§ **Exercise details**:
Copy each record exactly and skip its pictures.

____________________

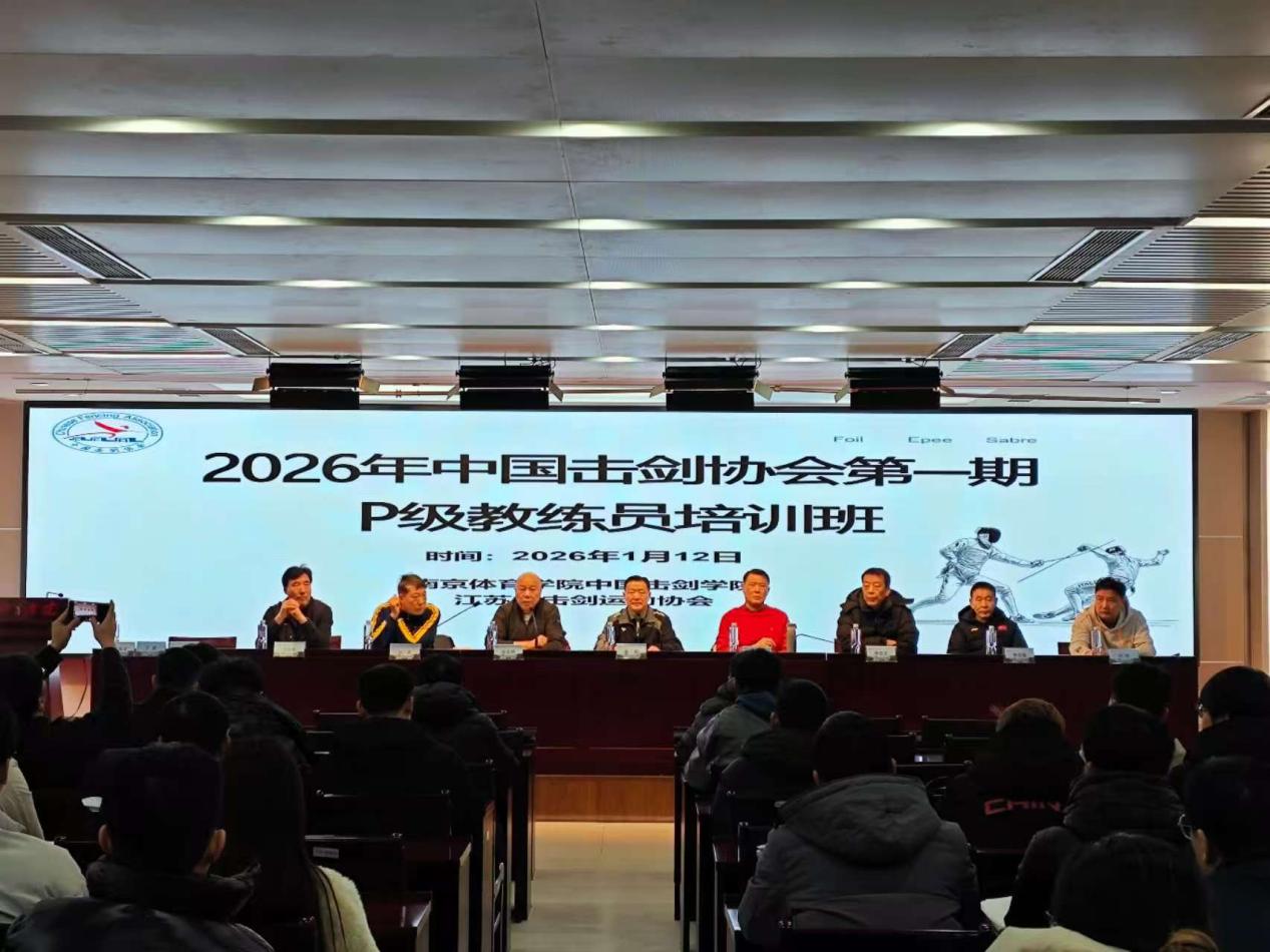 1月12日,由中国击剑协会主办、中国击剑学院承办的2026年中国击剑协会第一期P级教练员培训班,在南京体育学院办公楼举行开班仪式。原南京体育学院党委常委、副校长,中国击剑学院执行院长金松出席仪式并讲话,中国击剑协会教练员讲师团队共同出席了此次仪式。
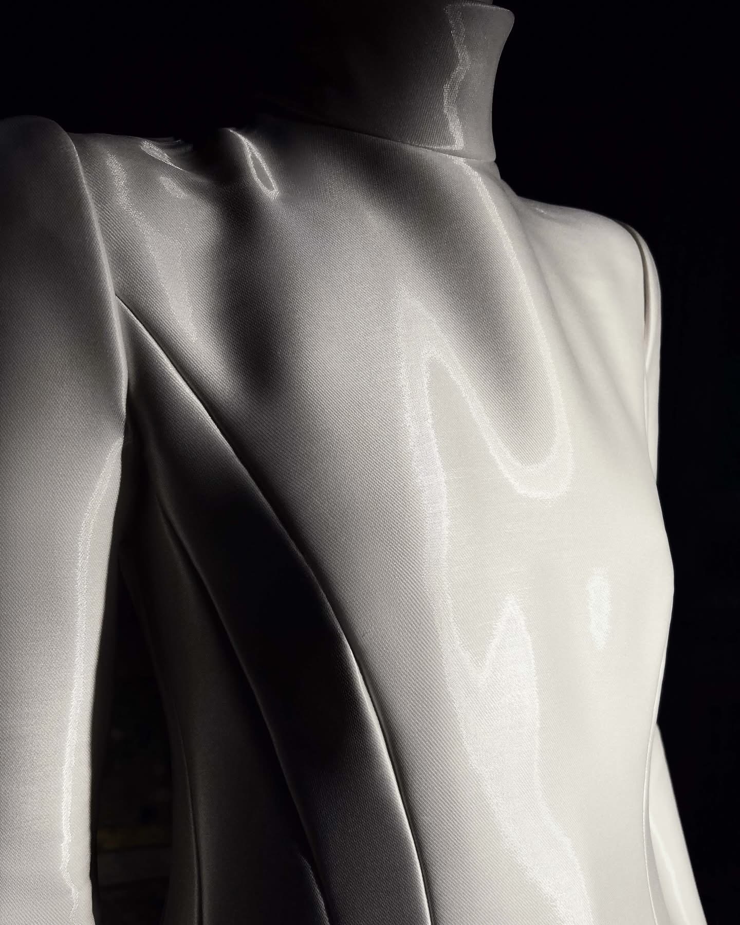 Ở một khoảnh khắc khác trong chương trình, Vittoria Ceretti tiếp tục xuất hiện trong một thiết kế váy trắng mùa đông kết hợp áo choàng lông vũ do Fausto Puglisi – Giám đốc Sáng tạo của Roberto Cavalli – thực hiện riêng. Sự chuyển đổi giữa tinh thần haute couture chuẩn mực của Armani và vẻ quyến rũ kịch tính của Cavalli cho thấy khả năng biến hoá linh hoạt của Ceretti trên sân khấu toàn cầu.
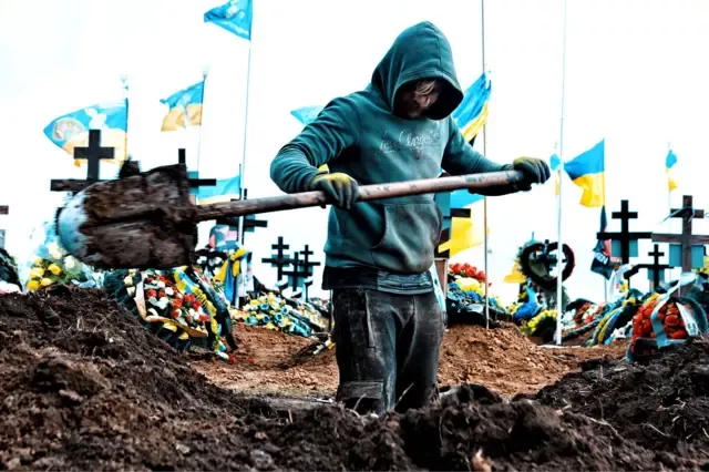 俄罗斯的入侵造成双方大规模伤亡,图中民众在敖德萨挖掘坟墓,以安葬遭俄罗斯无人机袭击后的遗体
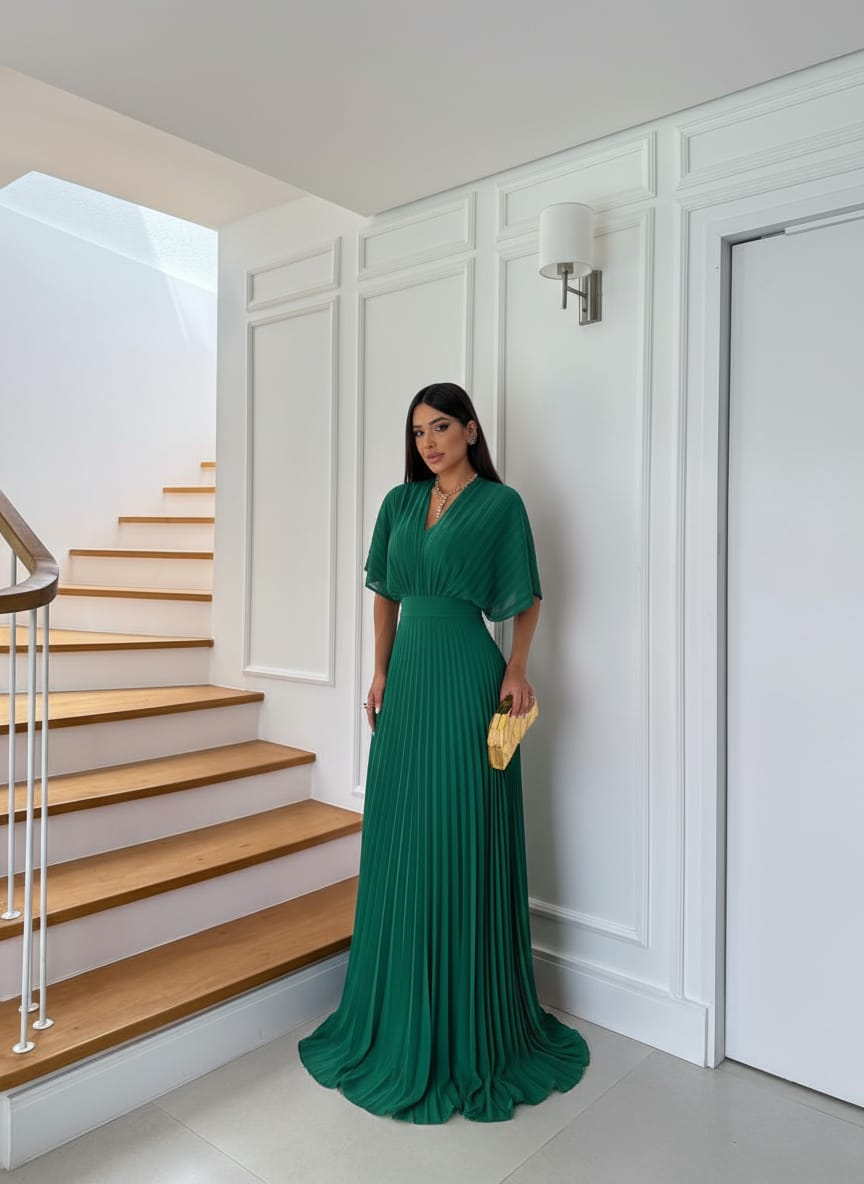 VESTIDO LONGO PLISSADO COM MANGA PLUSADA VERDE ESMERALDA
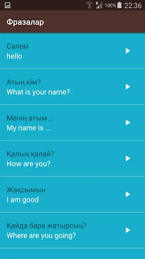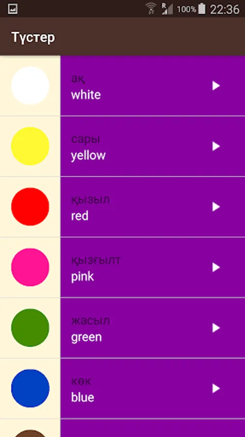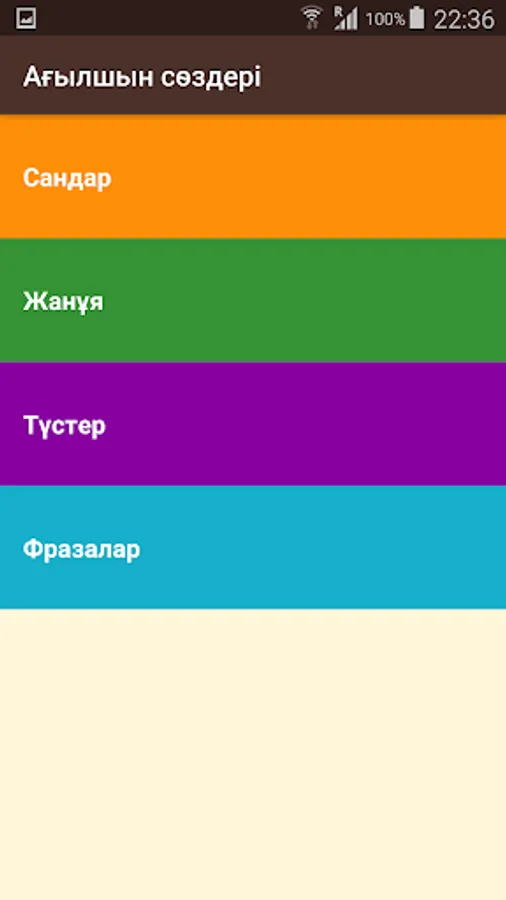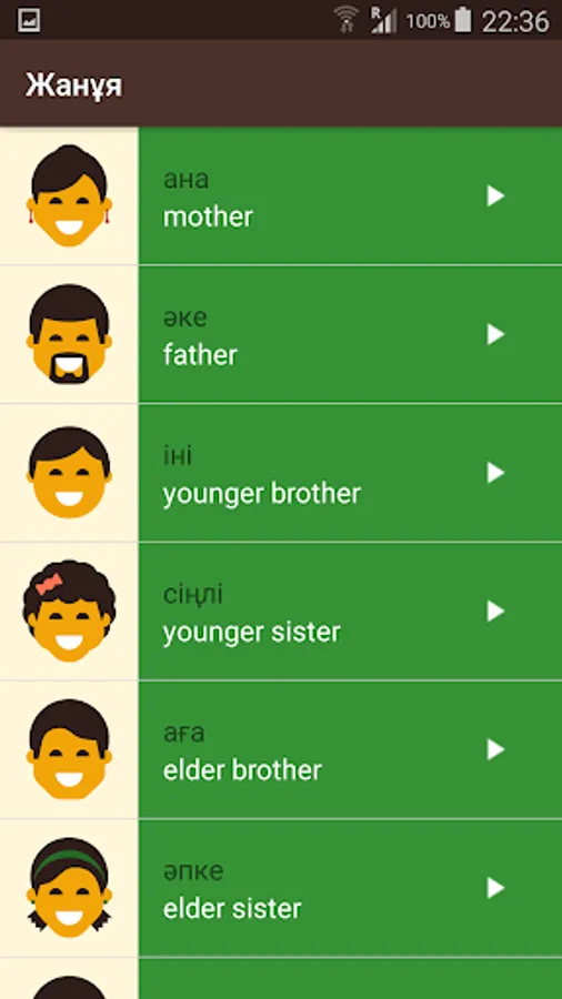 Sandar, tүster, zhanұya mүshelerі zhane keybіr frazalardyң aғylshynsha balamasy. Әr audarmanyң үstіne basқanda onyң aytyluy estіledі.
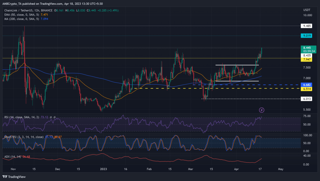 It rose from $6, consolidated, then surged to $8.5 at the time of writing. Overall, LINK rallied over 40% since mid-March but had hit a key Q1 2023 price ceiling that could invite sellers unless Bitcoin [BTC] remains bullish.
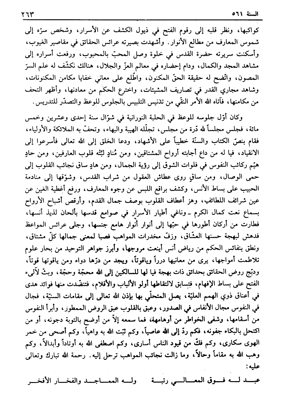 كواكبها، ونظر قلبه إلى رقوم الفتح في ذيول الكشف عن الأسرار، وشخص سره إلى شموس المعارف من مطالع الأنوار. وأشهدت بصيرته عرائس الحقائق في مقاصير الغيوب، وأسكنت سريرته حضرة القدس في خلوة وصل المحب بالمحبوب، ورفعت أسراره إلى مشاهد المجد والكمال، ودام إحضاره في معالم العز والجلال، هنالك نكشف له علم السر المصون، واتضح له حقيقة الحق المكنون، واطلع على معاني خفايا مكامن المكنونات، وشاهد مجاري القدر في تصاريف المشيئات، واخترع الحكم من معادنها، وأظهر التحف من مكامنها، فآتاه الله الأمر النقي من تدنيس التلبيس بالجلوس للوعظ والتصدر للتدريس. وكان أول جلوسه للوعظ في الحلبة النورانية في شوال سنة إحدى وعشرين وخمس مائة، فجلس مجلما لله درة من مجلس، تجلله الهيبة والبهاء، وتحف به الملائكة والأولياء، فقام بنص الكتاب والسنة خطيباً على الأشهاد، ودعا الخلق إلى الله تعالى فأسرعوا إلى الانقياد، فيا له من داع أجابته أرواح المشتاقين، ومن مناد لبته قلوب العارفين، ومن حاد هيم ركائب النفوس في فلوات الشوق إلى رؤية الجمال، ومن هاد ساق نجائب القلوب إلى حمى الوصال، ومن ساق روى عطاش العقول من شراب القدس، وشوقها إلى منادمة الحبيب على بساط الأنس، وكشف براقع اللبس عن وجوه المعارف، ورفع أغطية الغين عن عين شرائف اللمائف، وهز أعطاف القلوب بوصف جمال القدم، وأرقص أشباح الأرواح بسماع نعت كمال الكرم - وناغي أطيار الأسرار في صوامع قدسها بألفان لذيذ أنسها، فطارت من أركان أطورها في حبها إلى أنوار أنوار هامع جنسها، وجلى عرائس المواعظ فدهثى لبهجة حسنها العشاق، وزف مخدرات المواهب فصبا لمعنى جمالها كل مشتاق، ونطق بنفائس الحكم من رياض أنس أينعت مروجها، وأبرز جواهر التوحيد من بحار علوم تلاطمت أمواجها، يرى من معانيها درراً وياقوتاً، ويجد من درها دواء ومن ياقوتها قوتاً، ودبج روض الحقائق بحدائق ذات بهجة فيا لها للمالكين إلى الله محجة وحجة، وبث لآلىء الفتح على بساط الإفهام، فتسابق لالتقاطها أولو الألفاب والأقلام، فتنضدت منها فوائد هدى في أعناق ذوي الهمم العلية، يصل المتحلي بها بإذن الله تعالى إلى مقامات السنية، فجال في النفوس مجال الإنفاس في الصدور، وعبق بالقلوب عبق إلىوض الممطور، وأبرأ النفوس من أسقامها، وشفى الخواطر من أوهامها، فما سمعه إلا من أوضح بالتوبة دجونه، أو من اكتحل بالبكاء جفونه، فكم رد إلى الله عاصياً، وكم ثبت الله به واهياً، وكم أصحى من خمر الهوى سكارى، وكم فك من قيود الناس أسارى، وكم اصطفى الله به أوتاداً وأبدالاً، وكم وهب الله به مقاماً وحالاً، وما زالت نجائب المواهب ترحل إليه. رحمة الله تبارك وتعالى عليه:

____________________

§ **Reply**:
 1月12日,由中国击剑协会主办、中国击剑学院承办的2026年中国击剑协会第一期P级教练员培训班,在南京体育学院办公楼举行开班仪式。原南京体育学院党委常委、副校长,中国击剑学院执行院长金松出席仪式并讲话,中国击剑协会教练员讲师团队共同出席了此次仪式。
 Ở một khoảnh khắc khác trong chương trình, Vittoria Ceretti tiếp tục xuất hiện trong một thiết kế váy trắng mùa đông kết hợp áo choàng lông vũ do Fausto Puglisi – Giám đốc Sáng tạo của Roberto Cavalli – thực hiện riêng. Sự chuyển đổi giữa tinh thần haute couture chuẩn mực của Armani và vẻ quyến rũ kịch tính của Cavalli cho thấy khả năng biến hoá linh hoạt của Ceretti trên sân khấu toàn cầu.
 俄罗斯的入侵造成双方大规模伤亡,图中民众在敖德萨挖掘坟墓,以安葬遭俄罗斯无人机袭击后的遗体
 VESTIDO LONGO PLISSADO COM MANGA PLUSADA VERDE ESMERALDA
 Sandar, tүster, zhanұya mүshelerі zhane keybіr frazalardyң aғylshynsha balamasy. Әr audarmanyң үstіne basқanda onyң aytyluy estіledі.
 It rose from $6, consolidated, then surged to $8.5 at the time of writing. Overall, LINK rallied over 40% since mid-March but had hit a key Q1 2023 price ceiling that could invite sellers unless Bitcoin [BTC] remains bullish.
 كواكبها، ونظر قلبه إلى رقوم الفتح في ذيول الكشف عن الأسرار، وشخص سره إلى شموس المعارف من مطالع الأنوار. وأشهدت بصيرته عرائس الحقائق في مقاصير الغيوب، وأسكنت سريرته حضرة القدس في خلوة وصل المحب بالمحبوب، ورفعت أسراره إلى مشاهد المجد والكمال، ودام إحضاره في معالم العز والجلال، هنالك نكشف له علم السر المصون، واتضح له حقيقة الحق المكنون، واطلع على معاني خفايا مكامن المكنونات، وشاهد مجاري القدر في تصاريف المشيئات، واخترع الحكم من معادنها، وأظهر التحف من مكامنها، فآتاه الله الأمر النقي من تدنيس التلبيس بالجلوس للوعظ والتصدر للتدريس. وكان أول جلوسه للوعظ في الحلبة النورانية في شوال سنة إحدى وعشرين وخمس مائة، فجلس مجلما لله درة من مجلس، تجلله الهيبة والبهاء، وتحف به الملائكة والأولياء، فقام بنص الكتاب والسنة خطيباً على الأشهاد، ودعا الخلق إلى الله تعالى فأسرعوا إلى الانقياد، فيا له من داع أجابته أرواح المشتاقين، ومن مناد لبته قلوب العارفين، ومن حاد هيم ركائب النفوس في فلوات الشوق إلى رؤية الجمال، ومن هاد ساق نجائب القلوب إلى حمى الوصال، ومن ساق روى عطاش العقول من شراب القدس، وشوقها إلى منادمة الحبيب على بساط الأنس، وكشف براقع اللبس عن وجوه المعارف، ورفع أغطية الغين عن عين شرائف اللمائف، وهز أعطاف القلوب بوصف جمال القدم، وأرقص أشباح الأرواح بسماع نعت كمال الكرم - وناغي أطيار الأسرار في صوامع قدسها بألفان لذيذ أنسها، فطارت من أركان أطورها في حبها إلى أنوار أنوار هامع جنسها، وجلى عرائس المواعظ فدهثى لبهجة حسنها العشاق، وزف مخدرات المواهب فصبا لمعنى جمالها كل مشتاق، ونطق بنفائس الحكم من رياض أنس أينعت مروجها، وأبرز جواهر التوحيد من بحار علوم تلاطمت أمواجها، يرى من معانيها درراً وياقوتاً، ويجد من درها دواء ومن ياقوتها قوتاً، ودبج روض الحقائق بحدائق ذات بهجة فيا لها للمالكين إلى الله محجة وحجة، وبث لآلىء الفتح على بساط الإفهام، فتسابق لالتقاطها أولو الألفاب والأقلام، فتنضدت منها فوائد هدى في أعناق ذوي الهمم العلية، يصل المتحلي بها بإذن الله تعالى إلى مقامات السنية، فجال في النفوس مجال الإنفاس في الصدور، وعبق بالقلوب عبق إلىوض الممطور، وأبرأ النفوس من أسقامها، وشفى الخواطر من أوهامها، فما سمعه إلا من أوضح بالتوبة دجونه، أو من اكتحل بالبكاء جفونه، فكم رد إلى الله عاصياً، وكم ثبت الله به واهياً، وكم أصحى من خمر الهوى سكارى، وكم فك من قيود الناس أسارى، وكم اصطفى الله به أوتاداً وأبدالاً، وكم وهب الله به مقاماً وحالاً، وما زالت نجائب المواهب ترحل إليه. رحمة الله تبارك وتعالى عليه:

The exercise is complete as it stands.